◆ TASK PROMPT: Omit the pictures, but give back every entry below exactly as written.

====== PROVIDED INFORMATION ======

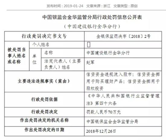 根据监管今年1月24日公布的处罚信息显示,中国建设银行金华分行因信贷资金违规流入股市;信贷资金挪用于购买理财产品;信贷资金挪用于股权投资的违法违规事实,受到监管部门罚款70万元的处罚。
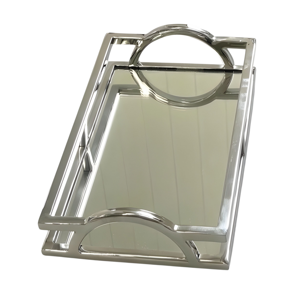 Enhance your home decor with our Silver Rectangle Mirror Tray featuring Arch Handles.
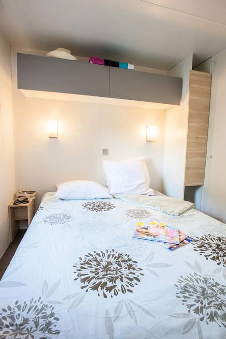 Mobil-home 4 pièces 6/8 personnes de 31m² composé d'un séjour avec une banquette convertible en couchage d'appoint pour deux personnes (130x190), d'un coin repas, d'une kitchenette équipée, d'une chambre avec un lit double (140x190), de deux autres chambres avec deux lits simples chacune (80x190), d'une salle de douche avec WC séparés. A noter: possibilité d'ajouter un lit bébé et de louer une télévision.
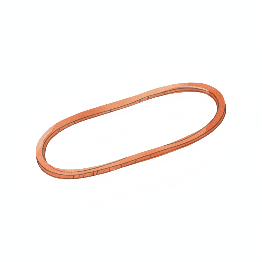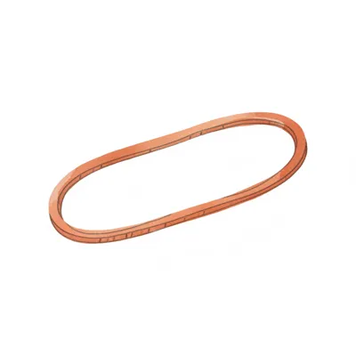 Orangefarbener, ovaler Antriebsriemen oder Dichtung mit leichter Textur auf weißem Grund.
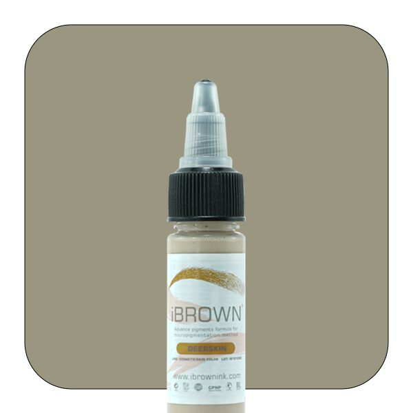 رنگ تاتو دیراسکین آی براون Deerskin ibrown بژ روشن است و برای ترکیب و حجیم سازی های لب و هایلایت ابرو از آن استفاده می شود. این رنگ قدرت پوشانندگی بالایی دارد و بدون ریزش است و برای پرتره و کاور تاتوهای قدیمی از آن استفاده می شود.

======

◆ RESULT OF THE EXERCISE:
 根据监管今年1月24日公布的处罚信息显示,中国建设银行金华分行因信贷资金违规流入股市;信贷资金挪用于购买理财产品;信贷资金挪用于股权投资的违法违规事实,受到监管部门罚款70万元的处罚。
 Enhance your home decor with our Silver Rectangle Mirror Tray featuring Arch Handles.
 Mobil-home 4 pièces 6/8 personnes de 31m² composé d'un séjour avec une banquette convertible en couchage d'appoint pour deux personnes (130x190), d'un coin repas, d'une kitchenette équipée, d'une chambre avec un lit double (140x190), de deux autres chambres avec deux lits simples chacune (80x190), d'une salle de douche avec WC séparés. A noter: possibilité d'ajouter un lit bébé et de louer une télévision.
 Orangefarbener, ovaler Antriebsriemen oder Dichtung mit leichter Textur auf weißem Grund.
 رنگ تاتو دیراسکین آی براون Deerskin ibrown بژ روشن است و برای ترکیب و حجیم سازی های لب و هایلایت ابرو از آن استفاده می شود. این رنگ قدرت پوشانندگی بالایی دارد و بدون ریزش است و برای پرتره و کاور تاتوهای قدیمی از آن استفاده می شود.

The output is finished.